Raw data

════════════════

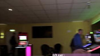 SEX PUBLIC: A German hottie sucks cocks at a casino
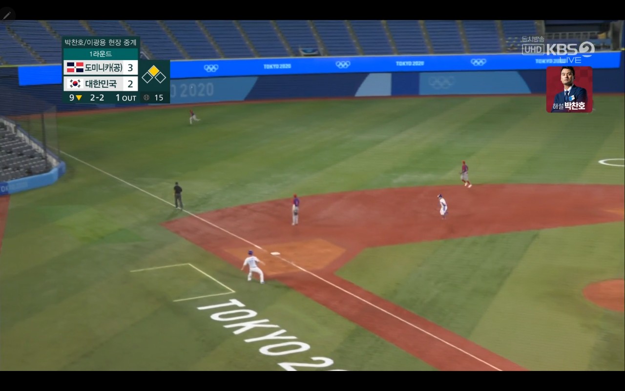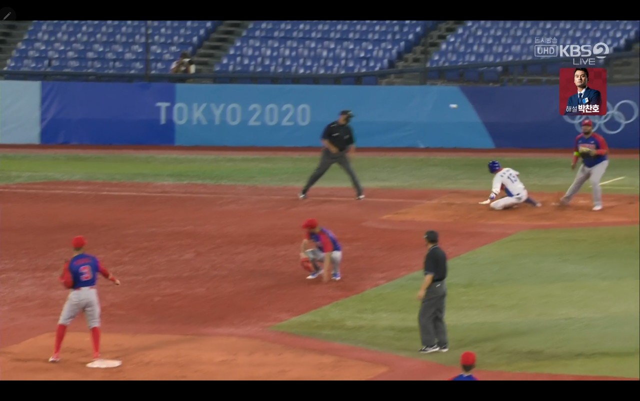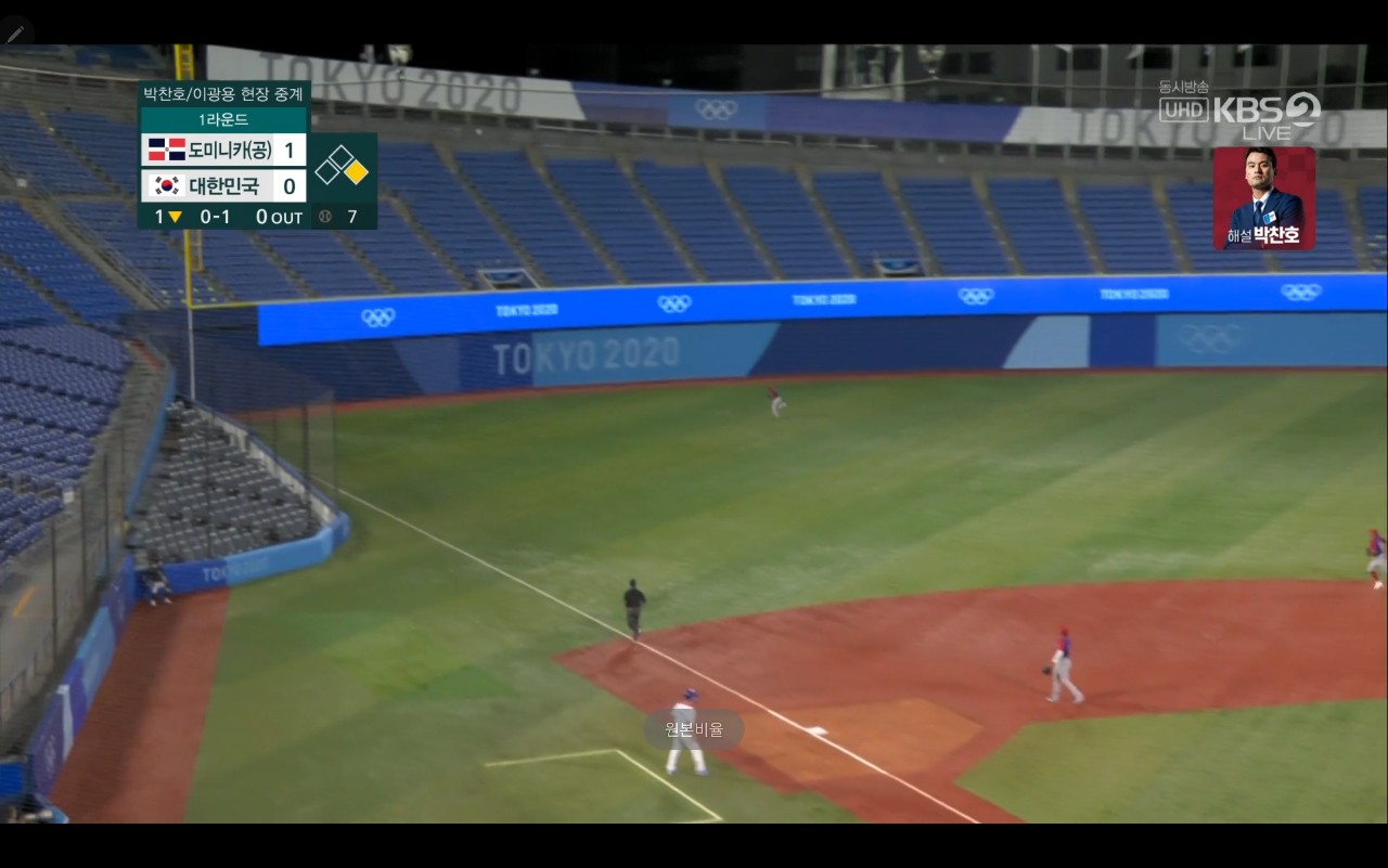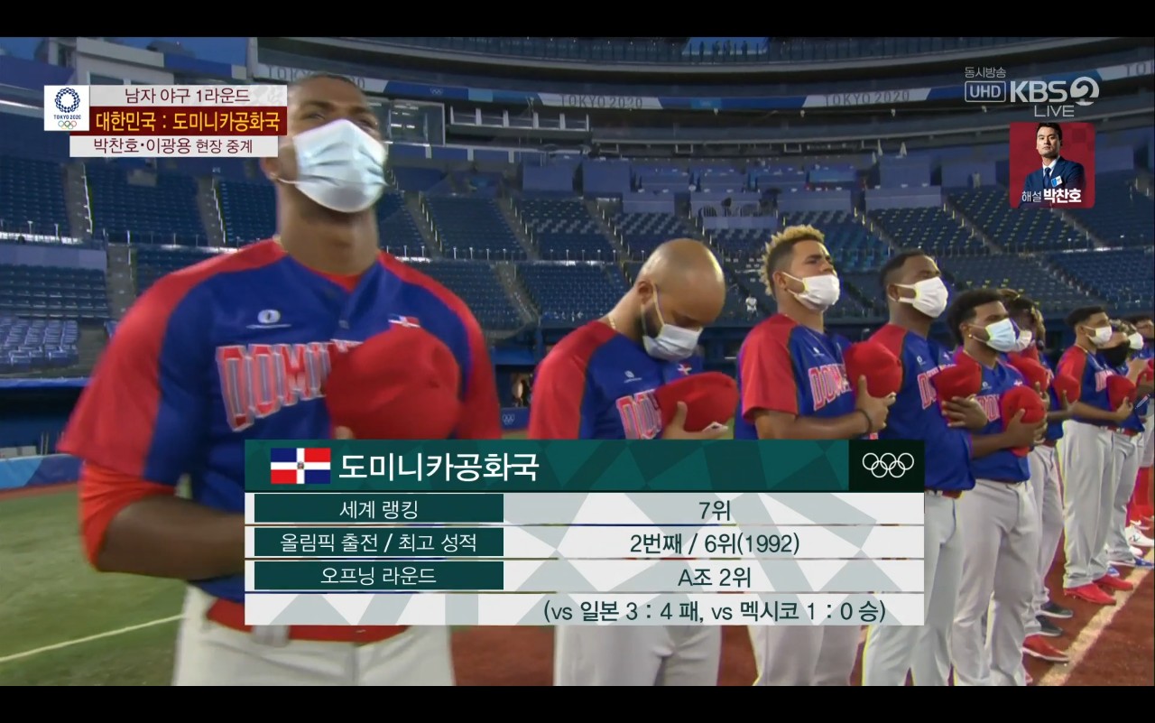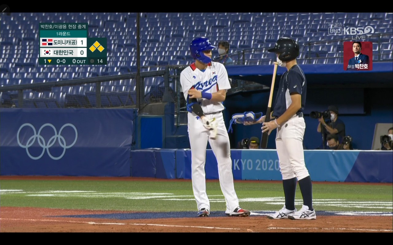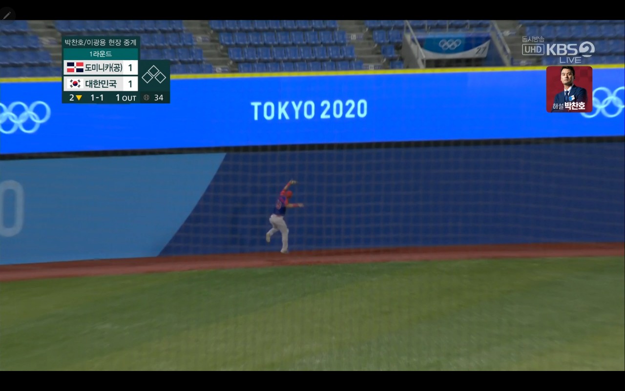 올림픽 야구 대한민국 대 도미니카(공) 경기장면
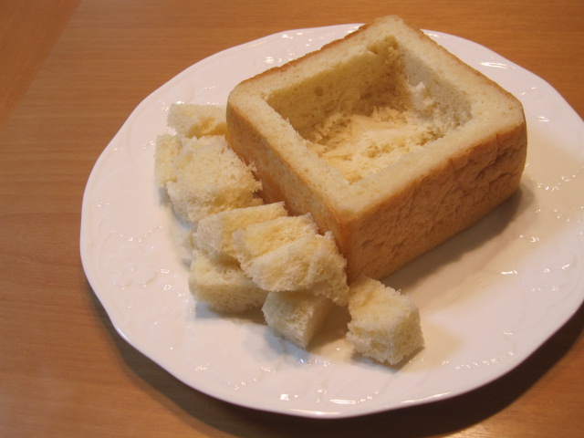 が、ちょうど角食パンを焼いたので、それを器にしてみました。
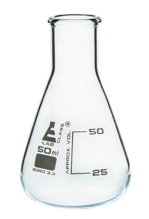 Erlenmeyer Flask, Narrow Neck, High quality borosilicate 3.3 glass Erlenmeyer Flask with narrow neck design., Each

════════════════

Copy exactly, please, every line from the one holding "올림픽 야구 대한민국 대 도미니카(공) 경기장면" through the last line of the data, both ends included, and no pictures.

Response below
 올림픽 야구 대한민국 대 도미니카(공) 경기장면
 が、ちょうど角食パンを焼いたので、それを器にしてみました。
 Erlenmeyer Flask, Narrow Neck, High quality borosilicate 3.3 glass Erlenmeyer Flask with narrow neck design., Each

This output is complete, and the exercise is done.